Anyway, I did want to share a surprising and rather sweet tale that happened the other day, when I popped round to my artist friend David's house to deliver his birthday presents - to wit a bunch of drying bay leaves, five lukewarm falafel balls wrapped in tin foil (not homemade), and two Wedgwood teacups and saucers commemorating technological milestones from the last century. The usual sort of stuff you give a bloke, basically.
As David was making us a cup of tea, I spied a box on his kitchen work surface containing a collection of tiny sea shells, nestling on some kind of foam layer. The box looked instantly familiar...
"Wow", I exclaimed, "I had a box just like that! A perfume blogger in California sent me some samples in it a while back. I distinctly remember the little green cake thing."
David explained that our mutual friend Lizzie - poet, teacher, and owner of these unintentionally perfume bottle-shaped earrings - had given it to him. She wondered if he might fancy doing a picture featuring the shells, though in painting terms it might only have been one step up from writing the Bible on a grain of rice. The mention of Lizzie instantly reminded me of how I had recycled the box sent to me by the perfume blogger in question (who was none other than Undina of Undina's Looking Glass), and used it to transport two vials of Vero Profumo Mito that I had bought for her at Bloom Perfumery in London in July. I popped the box with the samples in through Lizzie's door in August, having finally established that she was away for much of the summer - it had previously spent a number of weeks sitting in a dish on my hall table.

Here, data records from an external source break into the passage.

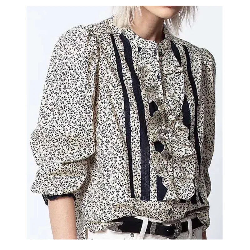 Addition Information of 2020 new light yellow floral stand collar ruffled lace trim long sleeve shirt
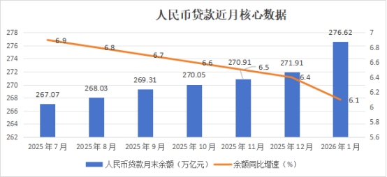 2025年7月貸款余額同比6.9%逐步回落至2026年1月6.1%,主要受地方化債置換貸款影響,還原后實(shí)際增速約7%,信貸支持力度未減弱;2026年1月的信貸投放繼續(xù)向?qū)嶓w核心領(lǐng)域傾斜。
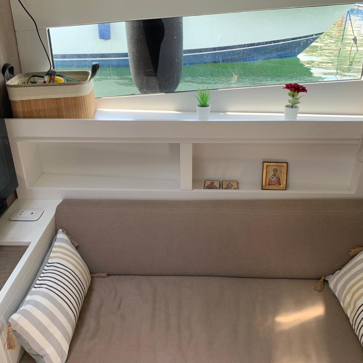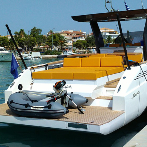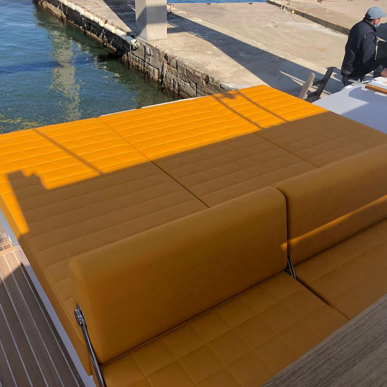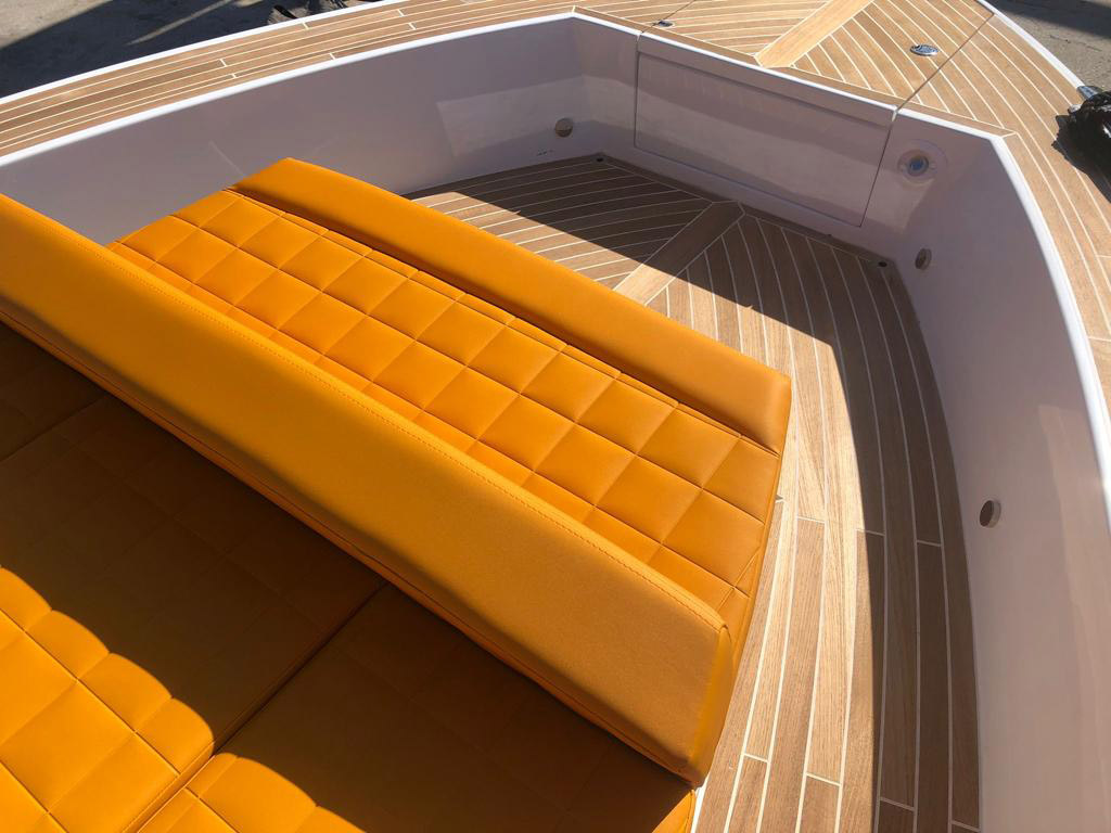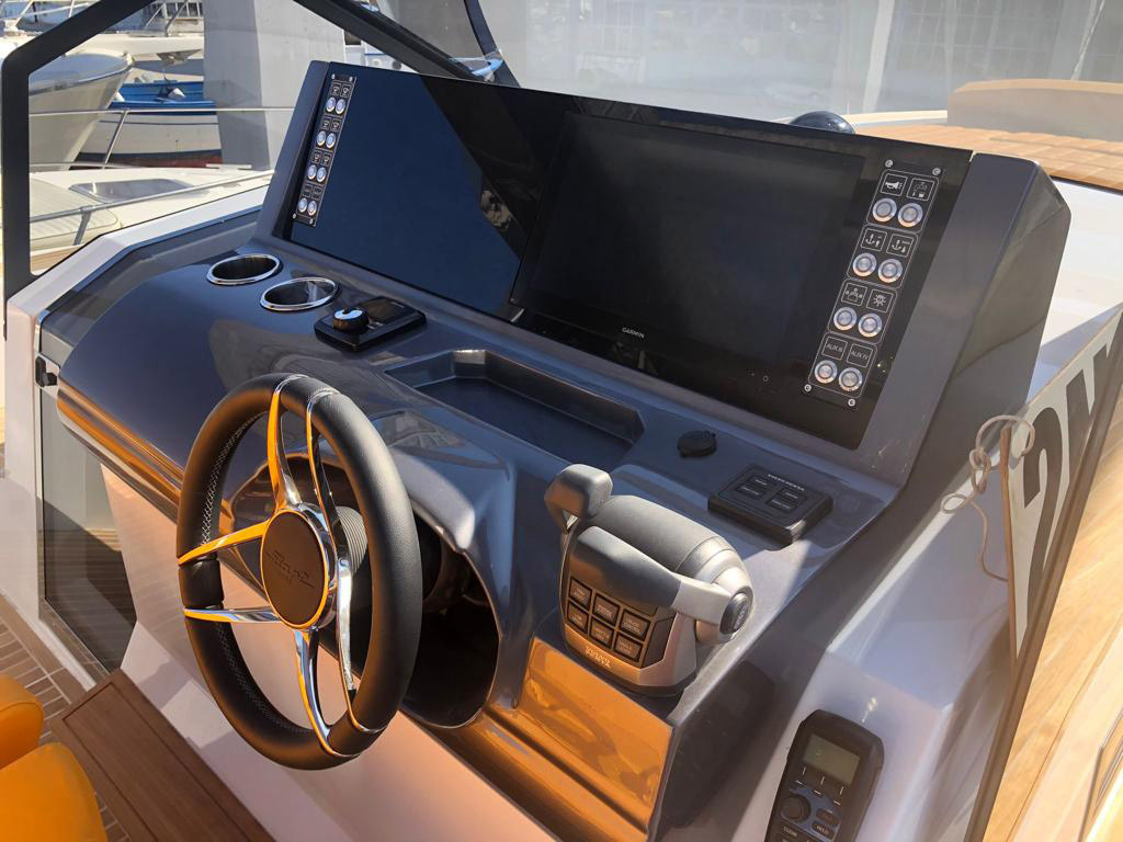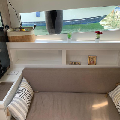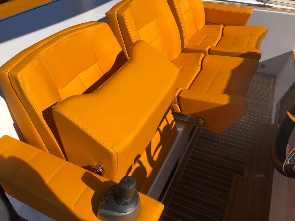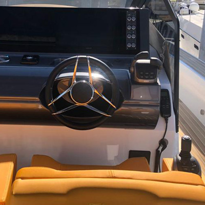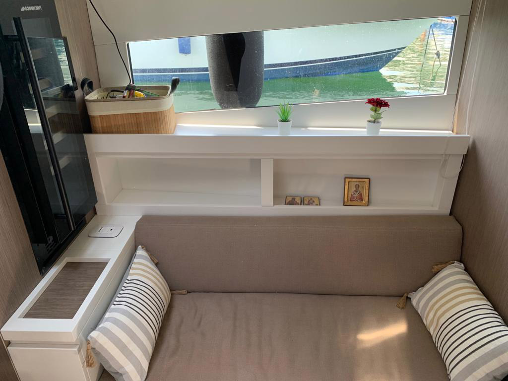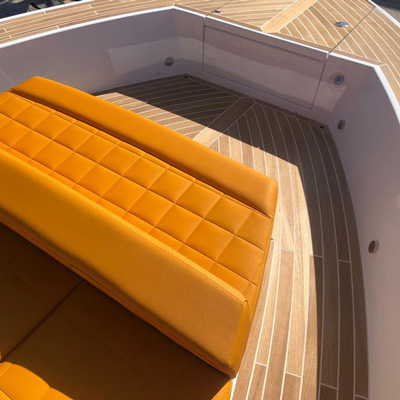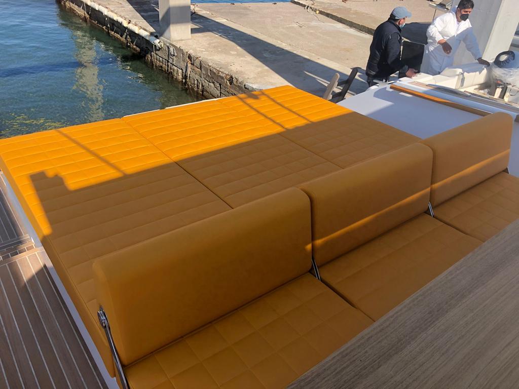 The deck provides in the cockpit area a large sundeck of 230cm x 220cm with a reclining back and a storage compartment that allows you to stow equipment and games (seabob, sup, etc ...) and even a small tender. The sundeck is being completed with a bench in the center of the boat with a reclining backrest and with two tables for the formation of a dining area that can comfortably accommodate 8/10 people seated.

Home of Undina's box - mid-July to late August |
So there you have it - in four degrees of separation (Undina - me - Lizzie - David) Undina's box turns up unexpectedly in a friend's kitchen, forging a touching and piquant link between the perfume scene and my regular pals in Stafford.
And David is very eco-minded, so I have no doubt that it still has a few more miles left to travel...
On a related theme, this post from the early days of Bonkers explores the notion of well travelled sweets in perfume swap parcels, not to mention the unwanted extras that circle the globe looking for an appreciative home.
And before I left, David sportingly allowed me to recycle something else, namely a painting of a statue's feet in a cemetery in Barcelona. I have owned that picture for nigh on 20 years - and it features in a review I wrote about Carner Barcelona D600 - but I fancied a change, and have swapped it for this one of a Persian rug and a tulip.